The proposed method is further evaluated on the DroneRGBT dataset, which features aerial-view RGB–thermal image pairs. As shown in Table 7, the framework achieves MAE = 6.99 and RMSE = 11.17 under full-modality conditions, outperforming CSRNet+IADM by 38.7% in MAE and 36.3% in RMSE. In unimodal settings, the thermal-only variant attains RMSE = 11.12, the lowest among all configurations. The same brightness-based fusion rule is applied, yielding consistent improvements. The slight RMSE increase in the fused output compared to thermal-only in darkness is attributed to occasional misclassification of artificially lit night scenes as “bright,” a limitation of the simple heuristic.

Table 7.
Results on droneRGBT dataset. Bold values indicate best performance.

Method RGB T MAE RMSE

CSRNet+IADM⁵ ✓ ✓ 11.41 17.54

CSRNet¹ ✓ ✗ 11.72 18.60

✗ ✓ 8.91 13.80

✓ ✓ 8.91 11.54

Ours ✓ ✗ 9.73 15.69

✗ ✓ 7.05 11.12

✓ ✓ 6.99 11.17

Method	RGB	T	MAE	RMSE
CSRNet+IADM⁵	✓	✓	11.41	17.54
CSRNet¹	✓	✗	11.72	18.60
	✗	✓	8.91	13.80
	✓	✓	8.91	11.54
Ours	✓	✗	9.73	15.69
	✗	✓	7.05	11.12
	✓	✓	6.99	11.17

4.6. Ablation study

Four ablation studies are conducted to evaluate the contribution of each component in the proposed framework. For consistency, all reported results correspond to the RGB modality and are evaluated on the RGBT-CC dataset.

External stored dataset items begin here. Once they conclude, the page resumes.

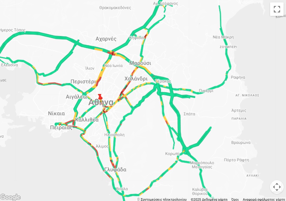 Σύμφωνα με την τελευταία εικόνα από τον χάρτη της Google, έντονη επιβράδυνση καταγράφεται και σε τμήματα της Καλλιθέας και της Λεωφόρου Ποσειδώνος, ενώ αυξημένη είναι η κίνηση και στις εισόδους του Πειραιά από τη Θηβών και τη Λαμπράκη.
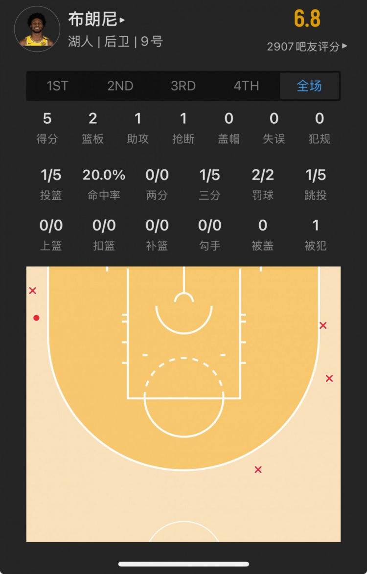 湖人55號秀 布朗尼-詹姆斯 登場15.7分鐘
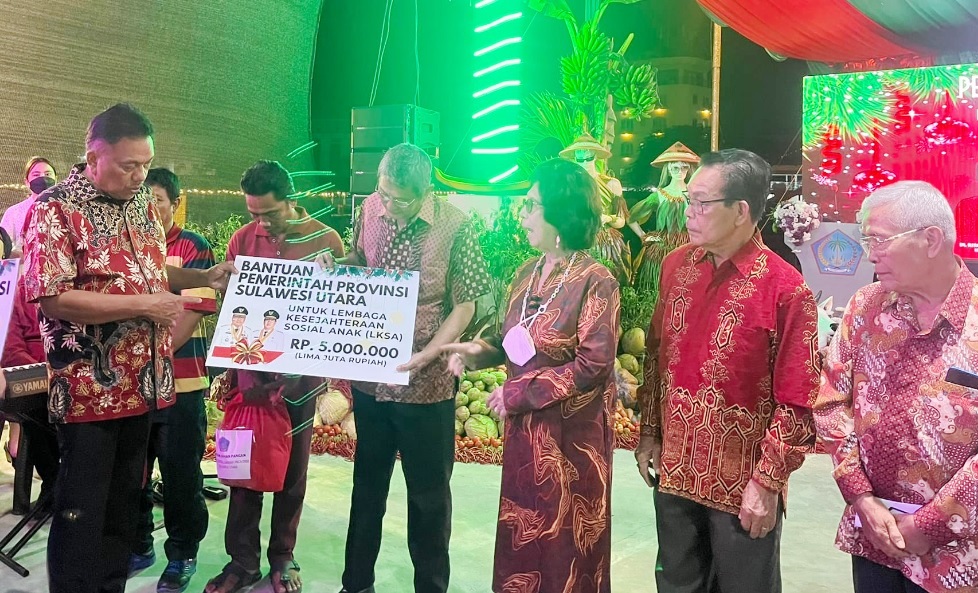 Ibadah Natal ini dilanjutkan dengan penyaluran bantuan pada warga yang terdampak krisis ekonomi oleh Gubernur Olly, didampingi Wagub Steven Kandouw dan Sekprov Steve Kepel.
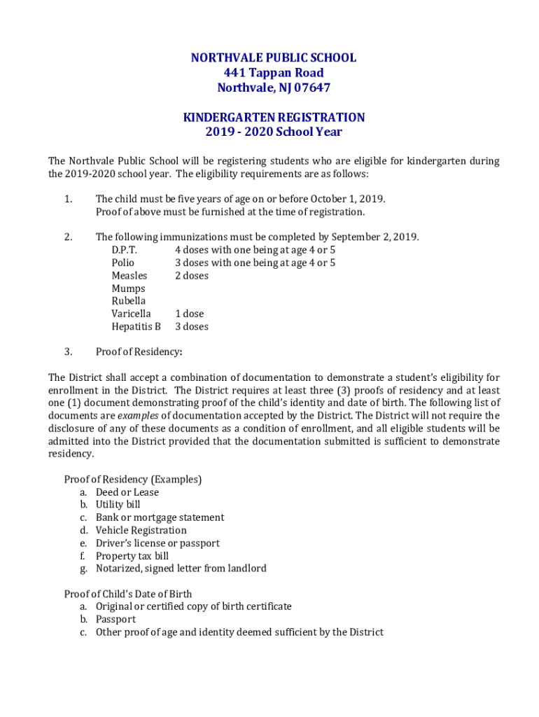 NORTHVILLE PUBLIC SCHOOL441 Tap pan RoadNorthvale, NJ 07647KINDERGARTEN REGISTRATION2019 2020 School YearTheNorthvalePublicSchoolwillberegisteringstudentswhoareeligibleforkindergartenduringthe 20192020

1) Feature Patches Generator (FPG)

To assess the effectiveness of the Feature Patches Generator in enriching intermediate feature representations, an ablation variant was implemented in which raw feature maps from selected network layers were directly fed into the Margin Ranking Loss, bypassing the FPG. All other components remained unchanged. As shown in Table 8, the absence of patch-based augmentation leads to a measurable performance drop, confirming that the FPG effectively enhances cross-modal feature learning by providing multi-scale contextual information during training.

Table 8.
Ablation of core components (RGB modality, RGBT-CC).

Variant MAE RMSE

W/O FPG 25.35 57.90

W/O Margin Ranking Loss 25.44 55.56

W/O PNKT 26.86 58.48

Full Model 24.22 41.81

2) Margin Ranking Loss

The utility of the Margin Ranking Loss was verified by replacing it with the standard mean squared error (MSE) loss commonly used in crowd counting. In this variant, the MSE loss was applied to the same feature patches generated by the FPG. Results in Table 8 indicate a degradation in counting accuracy, demonstrating that the ordinal constraint imposed by the Margin Ranking Loss is critical for effective feature-level knowledge transfer. Unlike regression-based losses, the ranking loss preserves relative crowd density relationships across spatial scales, enabling more informative cross-modal alignment.

3) PNKT module

To evaluate the role of the Preventing Negative Knowledge Transfer (PNKT) module, a variant was tested in which the adaptive weights $ρ^{r, t}$ and $ρ^{t, r}$ were fixed to $1$ , thereby disabling performance-aware gating and allowing unrestricted bidirectional knowledge transfer. As reported in the third row of Table 8, this configuration results in reduced accuracy, indicating that unregulated cross-modal interaction introduces harmful interference. The PNKT module thus serves as a crucial safeguard against negative transfer by enforcing unidirectional flow from the more accurate to the less accurate modality.

4) Feature map position

The impact of feature extraction depth was examined by selecting intermediate layers from different stages of the VGG-16 backbone. Three configurations were evaluated, corresponding to shallow, intermediate, and deep layers. Results in Table 9 show that deeper layers yield more discriminative representations, leading to improved performance. Furthermore, aggregating features from multiple layers consistently outperforms single-layer extraction, highlighting the benefit of multi-level semantic fusion.

Table 9.
Impact of feature map selection (VGG-16 layers).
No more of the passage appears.